G. William Hoagland, senior vice president at the Bipartisan Policy Center and a former top GOP Senate aide, emphasized the importance of the structural changes happening together.

"I don't think you do this in isolation of other changes within the system," Hoagland said of making a combined deductible for Parts A and B.

He noted that most proposals that feature a combined deductible also include some kind of catastrophic coverage provision, which Medicare currently lacks. As it stands now, beneficiaries have no limit on their out-of-pocket spending under Medicare.

Rivlin said that getting that catastrophic coverage is one of the main reasons beneficiaries buy Medigap insurance. But when they have Medigap coverage, people generally receive more services than they would otherwise, which raises the cost of Medicare overall, she said.

"If you had a simpler, easier-to-understand deductible, and the catastrophic coverage, you might discourage people from buying Medigap insurance," she said.

What About Savings?

Changing the Medicare benefit structure could save the federal government money, but it really depends on where the deductible is set. Opponents of the move note that any savings to the government would mostly come from beneficiaries paying more out of their own pockets, such as under the Kaiser model.

MedPAC noted that the combined deductible would affect individual beneficiaries' cost-sharing differently depending on which services they use. Most beneficiaries in a given year use only Part B services, and they would have their low deductibles increase. But the 20 percent of beneficiaries who use Part A hospital services each year would see lower deductibles there.

Most cost-sharing changes are meant to encourage beneficiaries to be choosier and find the most efficient, best quality health services. MedPAC says the current system fails at that because the health services that are generally optional are covered under Part B and so have a low deductible.

Hoagland said a combined deductible would have only a limited effect on making beneficiaries more aware of their health spending.

"It could have some behavioral impact, except, Part A, you really don't have much choice," he said. "If you have hospitalization, you have hospitalization."

Rivlin noted that in most deficit reduction plans, changes to the Medicare benefit structure are done in a benefit-neutral way—and aren't as focused on finding big savings.

Any Problems With This Idea?

Opponents of the combined deductible plan worry that seniors will carry the burden by paying more so the federal government can pay less money. Even those seniors who wind up paying lower deductibles may not actually pay less overall, as was found in the Kaiser Foundation model.

"Because the role of a deductible is to reduce the cost of other aspects of the benefit package—such as premiums, copayments, and coinsurance—a lower deductible would not necessarily lower total costs for a given beneficiary," MedPAC explained.

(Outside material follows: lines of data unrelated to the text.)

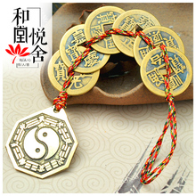 开光纯铜五帝钱六帝钱挂件清代古币铜钱挂件风水摆件八卦镜铜铃铛
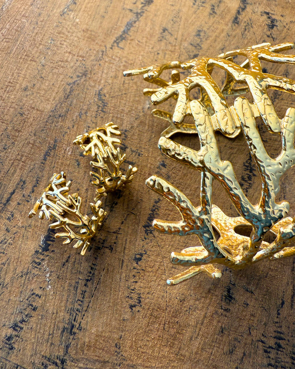 Textured gold branches curve into coral-inspired forms, creating a striking ring and matching cuff. Bold yet organic, the Golden Reef Set channels the beauty and strength of the ocean.
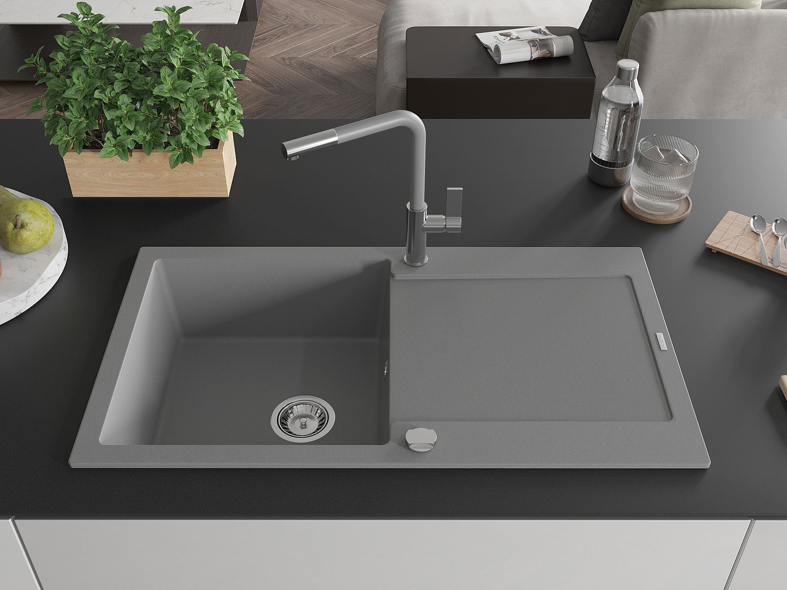 Die Spüle besteht aus hochwertigem Granit. Es ist eine elegante und vor allem praktische Ergänzung zu jeder Küche, unabhängig von ihrem Stil. Hohe Qualität und Granitdauer sorgen für eine langjährige Nutzung.
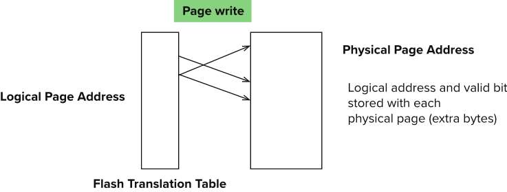 闪存系统通过将逻辑页号映射到物理页号来限制慢的擦除速度和更新限制的影响。当一个逻辑页被更新时,它可以被重新映射到已被擦除的任何物理页,并且它原来的位置可以随后被擦除。每个物理页都有一个小的存储区域来保存它的逻辑地址;如果逻辑地址被重新映射到一个不同的物理页,则原来的物理页被标记为已删除。因此,通过扫描物理页,我们可以发现每个逻辑页的位置。为了快速访问,逻辑到物理的页面映射被复制到内存中的转换表(translation table)中。
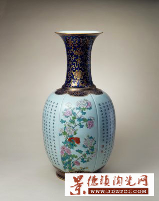 霽藍(lán)地描金粉彩詩句花卉紋大瓶,清乾隆,現(xiàn)藏于北京故宮博物院霽藍(lán)地描金粉彩詩句花卉紋大瓶,清乾隆,現(xiàn)藏于北京故宮博物院

There could also be a problem with instituting the single combined deductible. Parts A and B have different funding sources. Part A is funded through the Hospital Insurance Trust Fund, which gets much of its funding through a payroll tax and premiums from some beneficiaries. Part B benefits are funded through a different trust fund, which gets some of its funding from premiums paid by people for Part B and Medicare Part D, which covers prescription drugs.

If the programs are combined and have a single deductible, with uniform cost-sharing, that would confuse what money goes into which trust fund.

"I have yet, to be honest with you, yet to see anybody that's said: Once we combine A and B, what do we do about the trust funds?" Hoagland said.